Cette norme de croissance s'étend également à la culture numérique – qui ose contester la prolifération des applications, l'extension des réseaux sociaux ou le poids lourd d'un internet des objets? Il y a un sentiment d'inévitabilité au gonflement et à l'enflure de la culture numérique, d'autant plus qu'elle a donné à des millions de personnes un rôle censément créatif dans un patrimoine électronique en constante expansion. Dégonfler ce serait comme enlever notre liberté ou obscurcir notre héritage numérique.
Mais que se passe-t-il lorsque notre culture numérique débridée crée des responsabilités sociales imprévues ou des affrontements avec des valeurs sociales rivales? Dans les colonnes précédentes, nous avons décrit certaines des responsabilités sociales – en particulier, les coûts des résultats environnementaux négatifs payés par la société – qui ont accompagné l'expansion de la vie high-tech.

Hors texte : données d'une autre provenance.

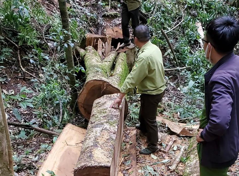 Qua khám nghiệm hiện trường, cơ quan chức năng xác định tổng khối lượng lâm sản bị thiệt hại là hơn 37,5m3 (gồm các loại gỗ dổi, hoa lý, huỳnh).
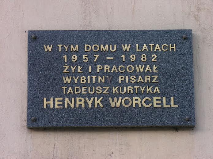 To jest ten (właściwe nazwisko: Kurtyka), który napisał przed wojną „Zaklęte rewiry”. O zawodowym i prywatnym życiu kelnerów. Poeci z kręgu „Wiadomości Literackich” z Tuwimem na czele zachwycali się, że tyle tam „prawdy życia”. Mnie nigdy nie udało się przebrnąć. W każdym razie pamiętamy świetny film Majewskiego z Wilhelmim i młodziutkim Kondratem. A ten Worcell przeprowadził się po wojnie z Krakowa w Kotlinę Kłodzką i dalej pisał reportaże „z życia wzięte”. Czyli złodziejstwo, pijaństwo, kumoterstwo itd. osadników na Ziemiach Odzyskanych. Co kosztowało go ileś tam pozwów sądowych oraz utratę oka w bójce z jednym z opisanych. W rezultacie przeprowadził się do Wrocławia i dokonał życia jako miejscowy literat. Stąd ta księgarnia. Oraz tablica pamiątkowa (fot: Internet):
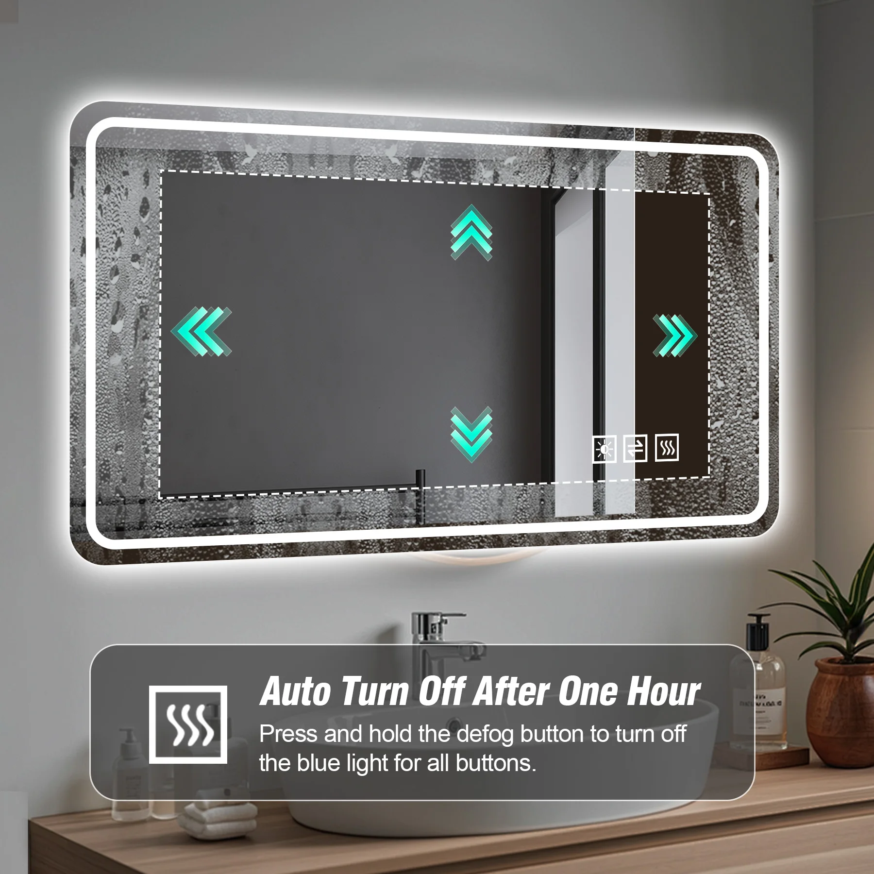 Step out of the shower to a perfectly clear mirror. The rapid defogging system activates with your light touch, banishing steam in moments and auto-shutting off for convenience, so you can always see your reflection without delay.

Parmi ceux-ci figurent les émissions de carbone nocives liées à la consommation d'énergie associée au cloud computing, aux opérations réseau et à l'électronique; les distractions et les dangers de la communication mobile; et la quantité croissante de déchets électroniques, empoisonnant les terres, l'air et l'eau.

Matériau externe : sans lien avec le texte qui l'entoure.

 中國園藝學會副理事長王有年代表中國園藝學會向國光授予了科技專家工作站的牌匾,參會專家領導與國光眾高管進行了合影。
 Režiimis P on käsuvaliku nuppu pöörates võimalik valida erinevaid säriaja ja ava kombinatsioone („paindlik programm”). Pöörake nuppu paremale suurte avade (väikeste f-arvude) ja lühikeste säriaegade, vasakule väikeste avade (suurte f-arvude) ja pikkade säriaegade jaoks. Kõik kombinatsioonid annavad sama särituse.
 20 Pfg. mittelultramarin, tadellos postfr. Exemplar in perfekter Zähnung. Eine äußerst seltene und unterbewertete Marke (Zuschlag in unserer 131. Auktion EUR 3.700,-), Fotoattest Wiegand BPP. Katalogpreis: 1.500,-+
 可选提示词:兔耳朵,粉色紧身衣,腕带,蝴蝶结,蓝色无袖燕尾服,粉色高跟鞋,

En ce qui concerne les valeurs sociales concurrentes, le challenger toujours aspirant a été la vie privée, exprimé comme un droit et valorisé comme une caractéristique de l'autonomie personnelle. Ces problèmes de confidentialité ont tendance à être faibles aux États-Unis, en raison des compromis intégrés avec les barons de données et les entreprises numériques. En comparaison, les États membres de l'Union européenne (UE) sont tenus par la législation sur la protection des données d'équilibrer les besoins d'information des gouvernements et des entreprises avec le droit de leurs citoyens de décider comment leurs données personnelles sont utilisées. La balance penche toujours vers les intérêts commerciaux, mais les garanties sont censées être assez fortes pour rassurer les citoyens qu'il est sûr de participer au marché de l'information numérique.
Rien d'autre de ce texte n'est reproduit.